Details
- Baidu has open-sourced ERNIE-4.5-VL-28B-A3B-Thinking, a vision-language model introduced on November 11, 2025.
- This model features 28 billion total parameters but utilizes only 3 billion per inference through an A3B sparse Mixture-of-Experts router, significantly reducing memory requirements.
- Testing shows ERNIE-4.5-VL-28B-A3B-Thinking surpasses Google's Gemini-2.5-Pro on VQA, MMBench, and SEED-Bench, and matches or beats larger 7B+ open models in multimodal reasoning tasks.
- It introduces a new semantic-alignment module that jointly embeds images with Chinese and English text, aiming to minimize hallucinations and boost detailed reasoning.
- All model assets—including weights, training code, and evaluation notebooks—are available under Apache-2.0, enabling the tech community to use and fine-tune the model via GitHub, Hugging Face, PaddlePaddle AI Studio, and ModelScope.

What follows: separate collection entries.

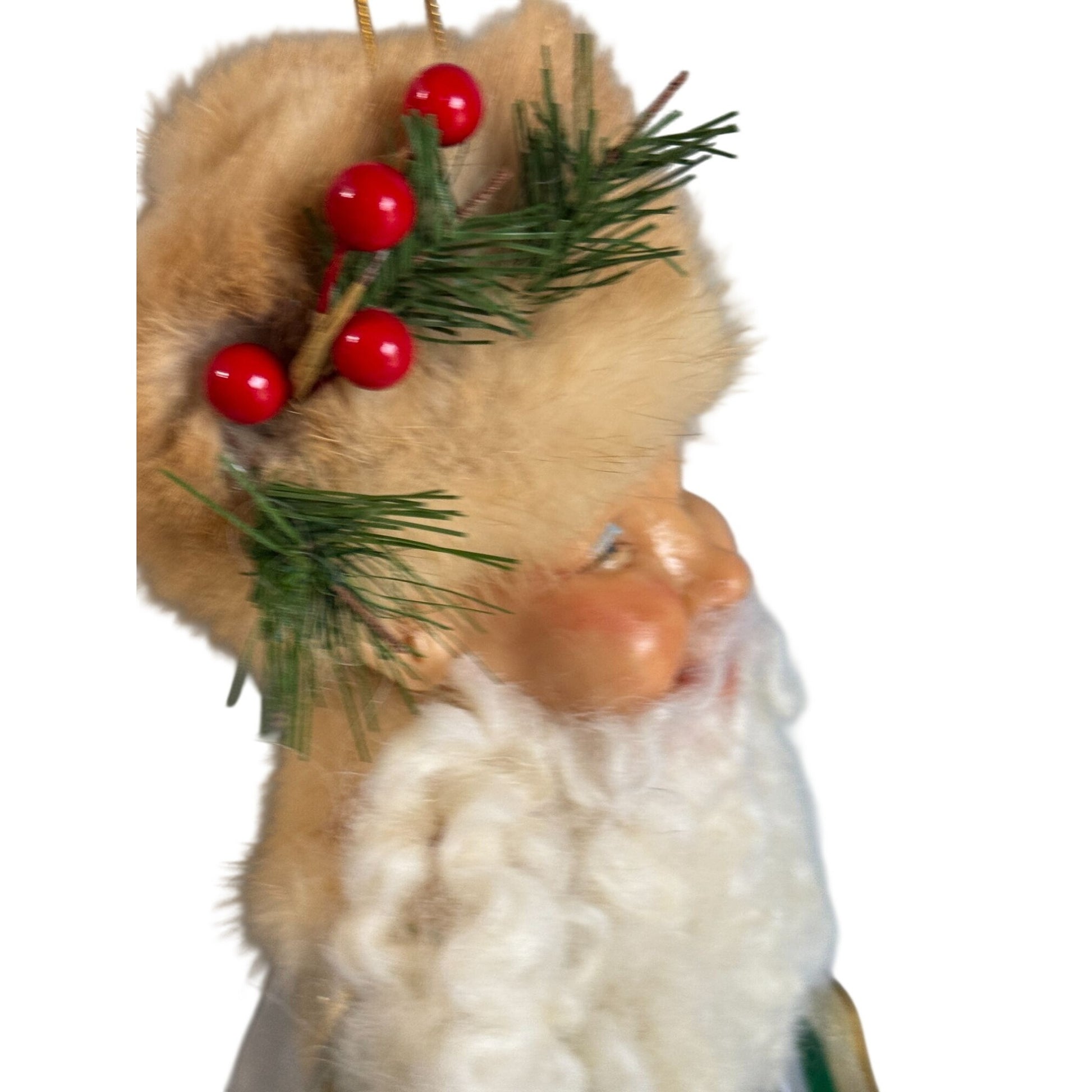 Handmade Folk Art Russian Style Santa Ornament Fur Hat Holly Green Gold Ribbon 9"
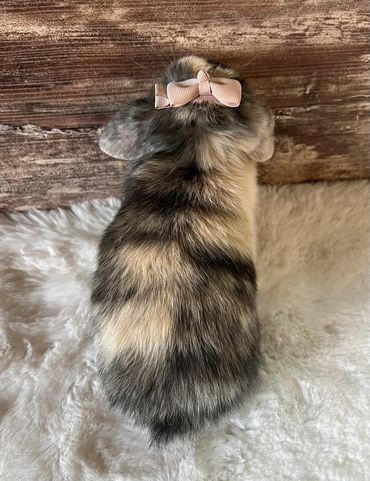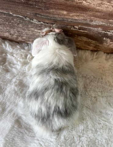 Our bunnies are handled daily and raised in a home environment to ensure they are well-socialized and friendly. They will be started on litter box training and will go home with a bag of transition pellets and their birth certificate.
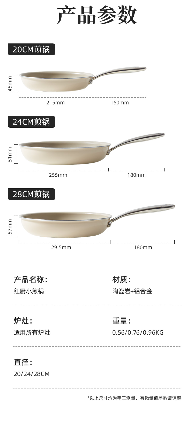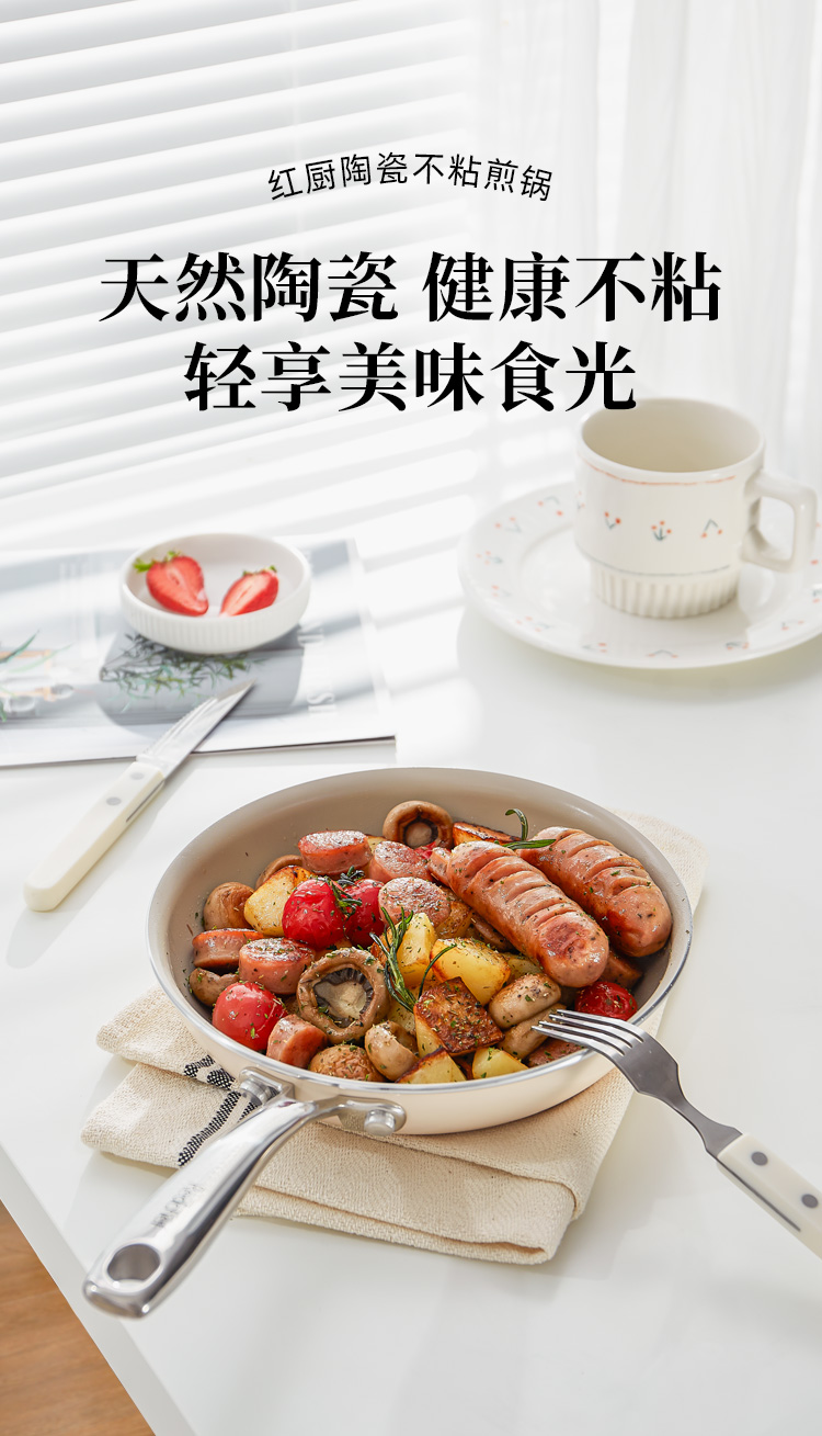 红厨Redchef 宝石系列煎锅 RJA24B224-WC 24cm 外白内咖(单位:个)
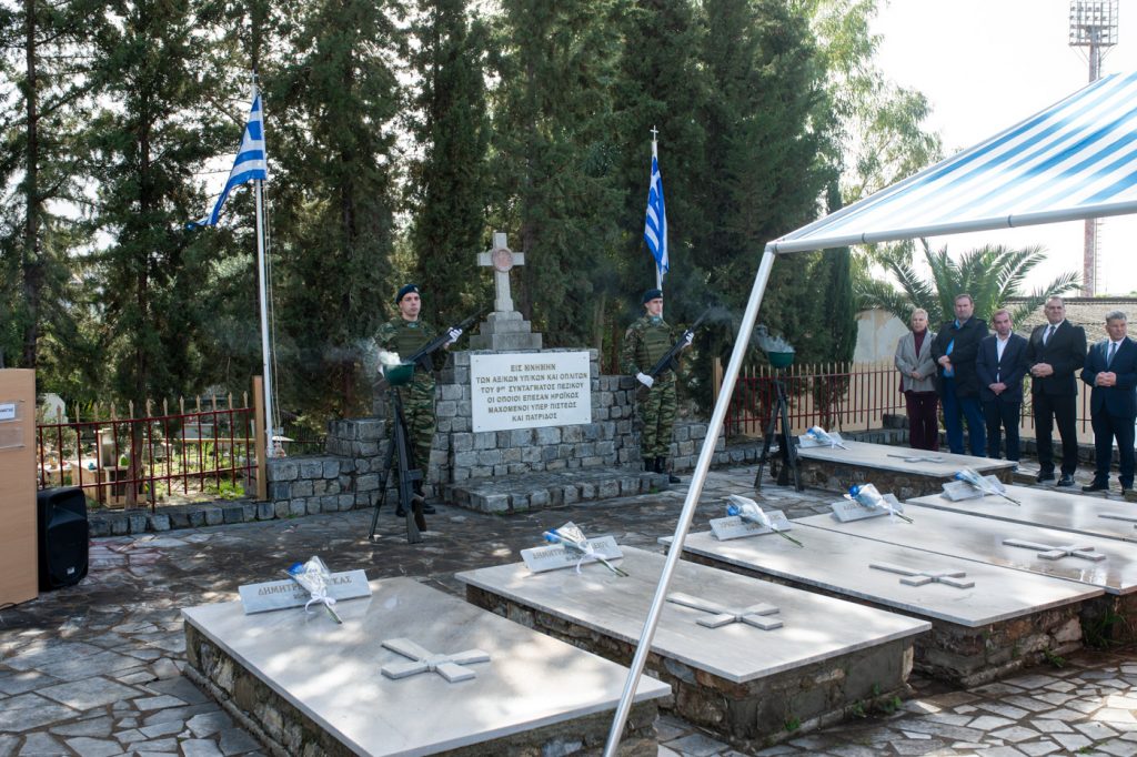 Των Ιερών Ακολουθιών του Μνημοσύνου και εν συνεχεία του Τρισαγίου επί του Μνημείου Πεσόντων, προέστη ο Πρωτοσύγκελλος της Ιεράς Μητροπόλεως Μεσσηνίας Αρχιμ. Φίλιππος Χαμαργιάς, εκπροσωπώντας τον Σεβασμιώτατο Μητροπολίτη Μεσσηνίας κ. Χρυσόστομο, ενώ παρέστησαν ο Δήμαρχος Καλαμάτας κ. Αθ. Βασιλόπουλος, οι Αντιπεριφερειάρχες κ. Στάθης Αναστασόπουλος και κ. Μαρία Οικονομάκου, Αντιδήμαρχοι και μέλη του Δημ. Συμβουλίου Καλαμάτας, ο Διοικητής του 9ου Σ.Π. Συνταγματάρχης κ. Γεώργιος Χαρίτος, πλήθος Αξιωματικών και Οπλιτών του 9ου Σ.Π. και εκπρόσωποι των Σωμάτων Ασφαλείας και άλλων φορέων. Τις δέουσες Τιμές απέδωσαν Άγημα του Στρατού Ξηράς και η Δημοτική Φιλαρμονική Καλαμάτας.
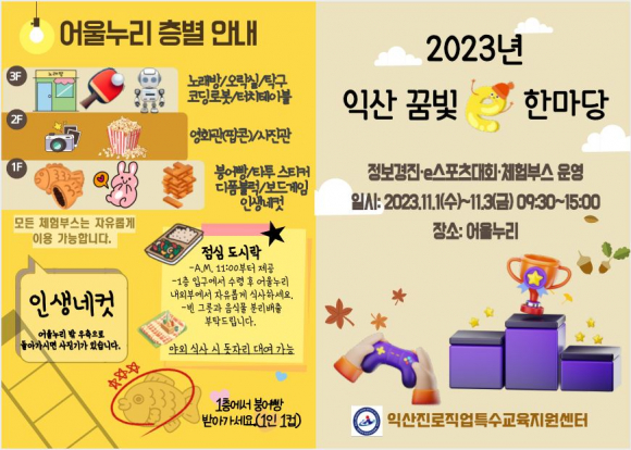 Àͻ걳À°Áö¿øÃ»(±³À°Àå ±èº¹Èñ)Àº 11¿ù 1ÀϺÎÅÍ 3ÀϱîÁö Ư¼ö±³À°´ë»ó ÇлýµéÀÇ Á¤º¸È ´É·Â½ÅÀå°ú °ÇÀüÇÑ ¿©°¡»ýȰ °³¹ßÀ» À§ÇØ ¡®2023³â ÀÍ»ê ²ÞºûeÇѸ¶´ç¡¯À» °³ÃÖÇÑ´Ù°í ¹àÇû´Ù.
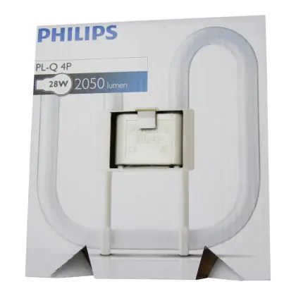 Philips PL-Q 4P are flat 2D type florescent lamps, very energy efficient with a quadrant shape. The PL-Q 4 Pin range is compatible with an electronic ballast. With a length of 207 cm, Philips PL-Q 28W 830 4P have a GR10q socket, made of 4 pins.
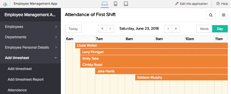 For example, if you have an employee management application with an Attendance report that has in-time and out-time details of employees belonging to different shifts, filter will help you effectively compartmentalize the information. You can add a criteria that filters records matching a specific shift timing to appear in a report. Thus, each shift could be a filter criteria based on which the records are displayed.
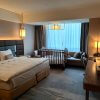 園區中間有座小湖泊,荷葉與水草相互呼應下,經陽光一照,泛著波光粼粼,宛如一幅油彩畫般,塗抹的色彩好不繽紛!
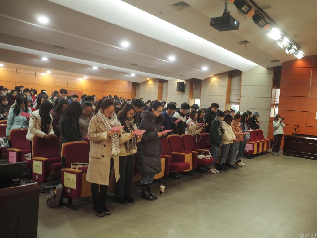 2018年1月10日下午,永利yl23411官网在雁山厅召开2017-2018学年第一学期考风动员大会,公司党总支书记张丽萍、副经理谢子静出席大会,17级全体同学参加会议,大会由公司党总支副书记杨振海主持。 张丽萍书记在动员讲话中重申了考风考纪的重要性和作弊的危害性,她强调学习在于平时的点滴积累,来不得弄虚作假,作弊不能弥补学习上的漏洞,而是一种自欺人人的行为。张丽萍书记还鼓励同学们认真备考,争取考出好成绩。她强调:“大学里的每一次考试都是接受考核认证自我的途径,加强考风建设营造公平的考试氛围,既是每个同学的愿望也是每个同学应该肩负的责任。所以希望同学们在这次考试中能诚信做人,亮出真实的成绩,展现真实的自己。”杨振海副书记根据员工手册相关条例告诫同学们一定不能碰这个底线,在考试过程中不仅仅要交出反映专业知识水平的考卷,更重要的是在考试中要交出诚信的品行之卷。 17级全体同学在员工代表的引领下宣誓,承诺端正考试态度认真复习积极备考。 员工处吕乐老师进行老员工文明修身考风考纪专题讲座。员工处吕乐老师通过精彩的演讲和亲切的互动,加深了同学们对考试作弊的危害的理解,相信同学们也一定会用真实的成绩证明自己的实力,成为一名诚实守信的老员工。 大会还总结了本学期学风考勤和晚自习考勤情况,与会领导对本学期优秀纪检委员进行了表彰。
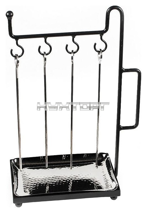 Набор для барбекю P.L. Proff Cuisine 73038060 / SG-82635 (A) используется на предприятиях общественного питания и в домашних условиях для приготовления шашлыка и аналогичных блюд. Набор состоит из 4 шампуров, подставки с 4 крюками, рукояткой и съемным прямоугольным поддоном с рифленой поверхностью. Подставка выполнена из металла с черным покрытием, шампуры и поддон– из металла с серебристой поверхностью.
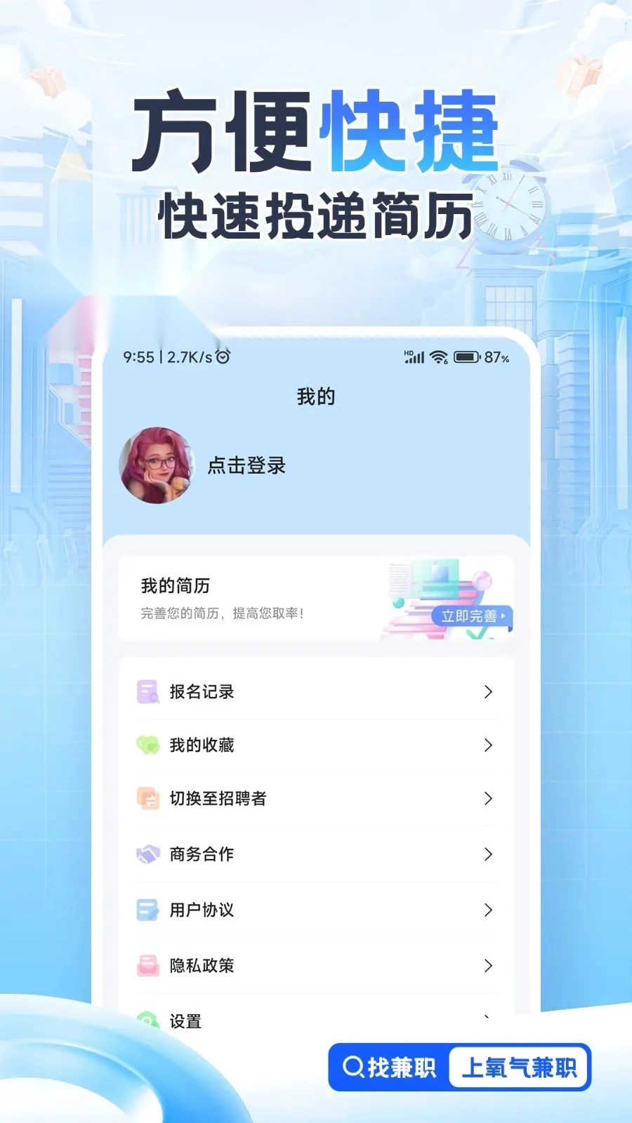 2. 平台多重审核,职位信息安全可靠,采用多重安全防御措施,保证求职者简历信息安全,为大学生、毕业生、白领等群体提供更安全且靠谱的兼职服务。

- This release extends Baidu’s ERNIE 4.5 line, delivering a lightweight alternative before the launch of the next-gen ERNIE-5 series.
Impact
Baidu challenges industry giants like Google and OpenAI by offering an open-source model that outperforms some of their flagship VL models, which remain closed. By requiring only 3 billion active parameters at inference, the model becomes accessible on standard GPUs, opening doors for startups, academic researchers, and edge device makers. The move reflects a broader industry trend toward efficiency and transparency, and may accelerate real-world applications in AR, robotics, and on-device AI as Baidu builds toward its next major release.